* [Exercise objective]: The entries are to be repeated verbatim, with nothing left out.

Dataset items
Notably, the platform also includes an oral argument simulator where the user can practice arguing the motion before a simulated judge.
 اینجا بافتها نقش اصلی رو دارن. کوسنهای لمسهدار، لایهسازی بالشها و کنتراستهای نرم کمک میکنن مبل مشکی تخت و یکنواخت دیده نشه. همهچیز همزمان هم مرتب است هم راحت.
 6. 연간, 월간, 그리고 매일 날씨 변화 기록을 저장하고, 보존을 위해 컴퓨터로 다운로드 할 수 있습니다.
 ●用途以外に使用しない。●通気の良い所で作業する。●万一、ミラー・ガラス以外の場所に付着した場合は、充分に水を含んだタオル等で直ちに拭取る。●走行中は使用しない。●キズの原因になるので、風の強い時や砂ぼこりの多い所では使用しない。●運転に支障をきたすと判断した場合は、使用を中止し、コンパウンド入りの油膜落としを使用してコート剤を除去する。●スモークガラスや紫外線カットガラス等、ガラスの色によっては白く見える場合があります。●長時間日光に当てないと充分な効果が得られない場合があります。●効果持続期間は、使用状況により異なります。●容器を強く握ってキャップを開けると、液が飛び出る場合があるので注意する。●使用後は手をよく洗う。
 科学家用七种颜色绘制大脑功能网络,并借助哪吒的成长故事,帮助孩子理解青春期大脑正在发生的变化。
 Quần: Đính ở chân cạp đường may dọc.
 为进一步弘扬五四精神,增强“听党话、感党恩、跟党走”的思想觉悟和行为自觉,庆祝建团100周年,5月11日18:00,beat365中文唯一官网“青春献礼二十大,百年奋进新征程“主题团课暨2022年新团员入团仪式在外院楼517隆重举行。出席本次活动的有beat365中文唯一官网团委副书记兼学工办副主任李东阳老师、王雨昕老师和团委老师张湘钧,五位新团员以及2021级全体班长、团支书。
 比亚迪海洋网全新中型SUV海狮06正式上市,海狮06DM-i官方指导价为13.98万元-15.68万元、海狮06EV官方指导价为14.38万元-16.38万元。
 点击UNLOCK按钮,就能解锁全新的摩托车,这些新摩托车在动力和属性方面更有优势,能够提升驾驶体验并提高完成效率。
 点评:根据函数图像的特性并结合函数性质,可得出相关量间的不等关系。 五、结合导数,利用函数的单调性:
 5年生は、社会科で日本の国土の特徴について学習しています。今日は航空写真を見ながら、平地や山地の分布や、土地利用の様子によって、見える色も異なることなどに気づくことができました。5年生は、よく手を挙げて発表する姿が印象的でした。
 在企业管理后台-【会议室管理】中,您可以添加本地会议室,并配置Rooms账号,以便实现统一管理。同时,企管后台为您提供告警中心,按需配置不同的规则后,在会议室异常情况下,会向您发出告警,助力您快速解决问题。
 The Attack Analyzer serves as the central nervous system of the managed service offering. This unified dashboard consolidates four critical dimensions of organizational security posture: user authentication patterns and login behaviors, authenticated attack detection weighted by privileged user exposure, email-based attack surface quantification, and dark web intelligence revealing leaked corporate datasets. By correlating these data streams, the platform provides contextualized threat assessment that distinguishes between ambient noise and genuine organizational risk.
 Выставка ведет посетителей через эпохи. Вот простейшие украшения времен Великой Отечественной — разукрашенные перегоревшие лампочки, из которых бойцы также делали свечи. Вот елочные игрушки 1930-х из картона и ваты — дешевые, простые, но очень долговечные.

* [Completed task]:
Notably, the platform also includes an oral argument simulator where the user can practice arguing the motion before a simulated judge.
 اینجا بافتها نقش اصلی رو دارن. کوسنهای لمسهدار، لایهسازی بالشها و کنتراستهای نرم کمک میکنن مبل مشکی تخت و یکنواخت دیده نشه. همهچیز همزمان هم مرتب است هم راحت.
 6. 연간, 월간, 그리고 매일 날씨 변화 기록을 저장하고, 보존을 위해 컴퓨터로 다운로드 할 수 있습니다.
 ●用途以外に使用しない。●通気の良い所で作業する。●万一、ミラー・ガラス以外の場所に付着した場合は、充分に水を含んだタオル等で直ちに拭取る。●走行中は使用しない。●キズの原因になるので、風の強い時や砂ぼこりの多い所では使用しない。●運転に支障をきたすと判断した場合は、使用を中止し、コンパウンド入りの油膜落としを使用してコート剤を除去する。●スモークガラスや紫外線カットガラス等、ガラスの色によっては白く見える場合があります。●長時間日光に当てないと充分な効果が得られない場合があります。●効果持続期間は、使用状況により異なります。●容器を強く握ってキャップを開けると、液が飛び出る場合があるので注意する。●使用後は手をよく洗う。
 科学家用七种颜色绘制大脑功能网络,并借助哪吒的成长故事,帮助孩子理解青春期大脑正在发生的变化。
 Quần: Đính ở chân cạp đường may dọc.
 为进一步弘扬五四精神,增强“听党话、感党恩、跟党走”的思想觉悟和行为自觉,庆祝建团100周年,5月11日18:00,beat365中文唯一官网“青春献礼二十大,百年奋进新征程“主题团课暨2022年新团员入团仪式在外院楼517隆重举行。出席本次活动的有beat365中文唯一官网团委副书记兼学工办副主任李东阳老师、王雨昕老师和团委老师张湘钧,五位新团员以及2021级全体班长、团支书。
 比亚迪海洋网全新中型SUV海狮06正式上市,海狮06DM-i官方指导价为13.98万元-15.68万元、海狮06EV官方指导价为14.38万元-16.38万元。
 点击UNLOCK按钮,就能解锁全新的摩托车,这些新摩托车在动力和属性方面更有优势,能够提升驾驶体验并提高完成效率。
 点评:根据函数图像的特性并结合函数性质,可得出相关量间的不等关系。 五、结合导数,利用函数的单调性:
 5年生は、社会科で日本の国土の特徴について学習しています。今日は航空写真を見ながら、平地や山地の分布や、土地利用の様子によって、見える色も異なることなどに気づくことができました。5年生は、よく手を挙げて発表する姿が印象的でした。
 在企业管理后台-【会议室管理】中,您可以添加本地会议室,并配置Rooms账号,以便实现统一管理。同时,企管后台为您提供告警中心,按需配置不同的规则后,在会议室异常情况下,会向您发出告警,助力您快速解决问题。
 The Attack Analyzer serves as the central nervous system of the managed service offering. This unified dashboard consolidates four critical dimensions of organizational security posture: user authentication patterns and login behaviors, authenticated attack detection weighted by privileged user exposure, email-based attack surface quantification, and dark web intelligence revealing leaked corporate datasets. By correlating these data streams, the platform provides contextualized threat assessment that distinguishes between ambient noise and genuine organizational risk.
 Выставка ведет посетителей через эпохи. Вот простейшие украшения времен Великой Отечественной — разукрашенные перегоревшие лампочки, из которых бойцы также делали свечи. Вот елочные игрушки 1930-х из картона и ваты — дешевые, простые, но очень долговечные.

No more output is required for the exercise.